話題作チェック
(2004 / 香港 / ウォン・カーウァイ)
作家と女たち

膳場 岳人

 60年代後半の香港に、放埓な暮らしを送る作家がいる。その周辺にいくらかの人物(主に女性)と事件 (おもに恋愛事件)を配せば、自然とうたかたのような物語が浮かび上がり、ヘンリー・ ミラーがパリやニューヨークでの生活を綴った一連の小説のような(モチベーションはまるで違うが)、小粋で賑やかで儚い、「作家と女たち」 をめぐるお話が始動するだろう。
 一世を風靡した『恋する惑星』『天使の涙』に付き合いきれないものを感じ、『花様年華』ですっかり回心した筆者にとって、この『2046』 という堂々たる幻想映画は、若干の退屈を感じながらも、贅沢な時間を過ごした気分になれる作品だった。

 官能小説からSF、武侠小説まで幅広いジャンルの小説を手がけるチャウ(トニー・レオン)は、その出鱈目な創作活動同様、 女性に対しても節操というものがない。
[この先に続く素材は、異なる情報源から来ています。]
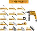 | Key Features | - [ 115 Pcs Tools Set ]---Include: Impact Drill, Claw Hammer, Combination Pliers, Adjustable Wrench , Screwdriver Steel measuring tape, Drill bits, Magnetic bits holder, Test pencil , Pvc Insulation tape, Plastic plugs, [ 680W Impact Drill ]---INGCO impact drill with extra large kit for multiple needs and includes 114 accessories. 13 mm Chuck Size, Hammer Drill or Drill Driver Selecter with Variable Speed/Reverse Switch for control & precision, [ Be Your Own Mechanic ]---One stop solution for all your mechanic needs. The all-in-one drill kit is ideal for wood, metal & concrete drilling, [ Electric Hammer Drill Variable Speed ]---The impact drill wired speed is adjustable. The setting knob allows you to control the drilling speed between 0-3000RPM to adapt to different jobs, power drill corded Lock button reduces fatigue during long hours of work.

そう書いてしまっては彼がただの女たらしみたいだが、彼はごく自然にスマートに、 好きになった相手と関係を持つ、品位あるナイーブなスケベだ。隣室に越してきた娼婦(チャン・ツィイー)との、 限りなくセックスフレンドに近い関係。宿の主人の娘(フェイ・ウォン)との、創作で通じ合う恋とも呼べぬ淡い関係。 賭場で出会った"過去のない女"(コン・リー)との恋。だがいずれの関係も、 作家が始終咥えているタバコの紫煙のごとく何処へと消え去る運命にある。彼の胸には嘗て愛した人妻(マギー・チャン) の記憶が居座り続けているからである。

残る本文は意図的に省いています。